The town hall was the headquarters of the county borough of Leicester until 1974 when, following local government reform, it became the meeting place of Leicester City Council.

Important works of art in the town hall include a painting by Charles James Adams depicting "The Ferry" and a painting by John Fulleylove depicting the "Interior of the Mosque of Omar, Jerusalem".

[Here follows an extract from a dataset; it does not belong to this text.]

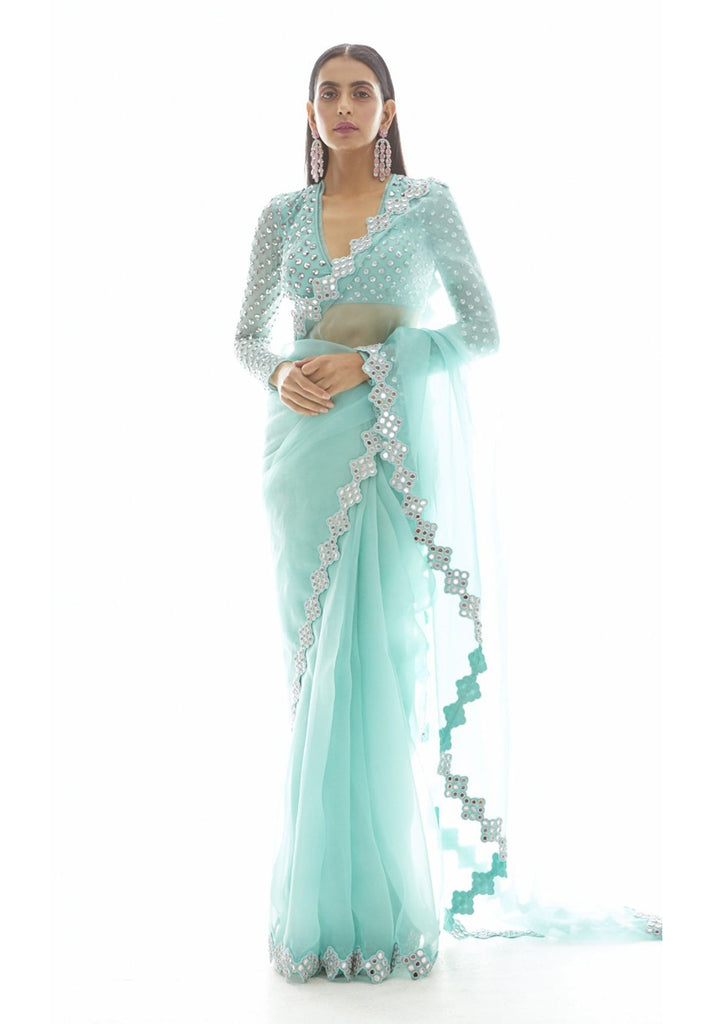 Silk organza mirror border saree with a sequin hand embroidered v-neck blouse.

The main council offices are at City Hall on Charles Street, but council meetings continue to be held in the town hall in Town Hall Square.

==Town Hall Square==
Leicester Town Council accepted on 29 October 1878, "a handsome ornamental fountain to be placed in the centre of the land fronting the Town Hall Buildings" which was a gift to the Borough from Sir Israel Hart, a former Mayor of Leicester. It is constructed of bronze-painted cast iron, Shap granite and Ross of Mull granite. Francis Hames, the architect of the town hall, also designed the layout of Town Hall Square and the fountain, which was unveiled by Sir Israel Hart on 24 September 1879. It is said to be based on a similar fountain Hames saw at Porto in Portugal, although this is unlikely, as the Town Hall Square fountain is the earlier work (1879, with the Fountain of the Lions in Porto installed in 1886 after a design competition in 1880). There are very strong similarities, which suggests that the Val d’Osne foundry copied the Leicester fountain for the Porto installation.

Also located in the Town Hall Square is the Second Boer War Memorial which was sculpted by Joseph Crosland McClure and unveiled by Field Marshal Lord Grenfell on 1 July 1909.